European Journal of Radiology Open (Jan 2020)
Iterative reconstruction algorithm improves the image quality without affecting quantitative measurements of computed tomography perfusion in the upper abdomen
Abstract
Objective: To investigate differences between reconstruction algorithms in quantitative perfusion values and time-attenuation curves in computed tomography perfusion (CTP) examinations of the upper abdomen. Methods: Twenty-six CTP examinations were reconstructed with filtered back projection and an iterative reconstruction algorithm, advanced modeled iterative reconstruction (ADMIRE), with different levels of noise-reduction strength.
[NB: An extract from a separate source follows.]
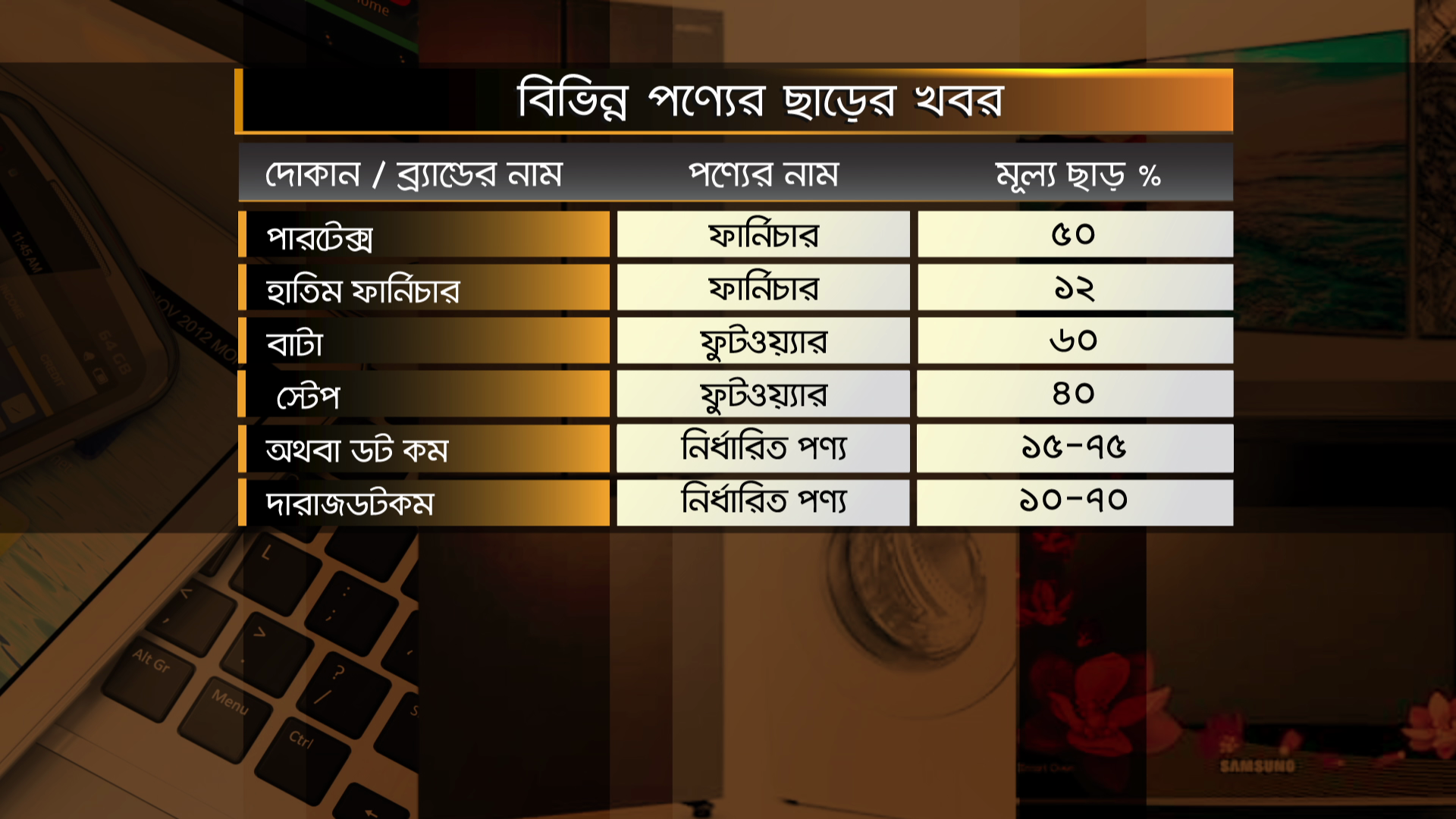 বিভিন্ন পণ্যের ছাড়ের খবর (২৬ এপ্রিল ২০২৪)

Using the maximum-slope model, quantitative measurements were obtained: blood flow (mL/min/100 mL), blood volume (mL/100 mL), time to peak (s), arterial liver perfusion (mL/100 mL/min), portal venous liver perfusion (mL/100 mL/min), hepatic perfusion index (%), temporal maximum intensity projection (Hounsfield units (HU)) and temporal average HU. Time-attenuation curves for seven sites (left liver lobe, right liver lobe, hepatocellular carcinoma, spleen, gastric wall, pancreas, portal vein) were obtained. Mixed-model analysis was used for statistical evaluation. Image noise and the signal:noise ratio (SNR) were compared between four reconstructions, and statistical analysis of these reconstructions was made with a related-samples Friedman’s two-way analysis of variance by ranks test. Results: There were no significant differences for quantitative measurements between the four reconstructions for all tissues. There were no significant differences between the AUC values of the time-attenuation curves between the four reconstructions for all tissues, including three automatic measurements (portal vein, aorta, spleen). There was a significant difference in image noise and SNR between the four reconstructions. Conclusions: ADMIRE did not affect the quantitative measurements or time-attenuation curves of tissues in the upper abdomen. The image noise was lower, and the SNR higher, for iterative reconstructions with higher noise-reduction strengths.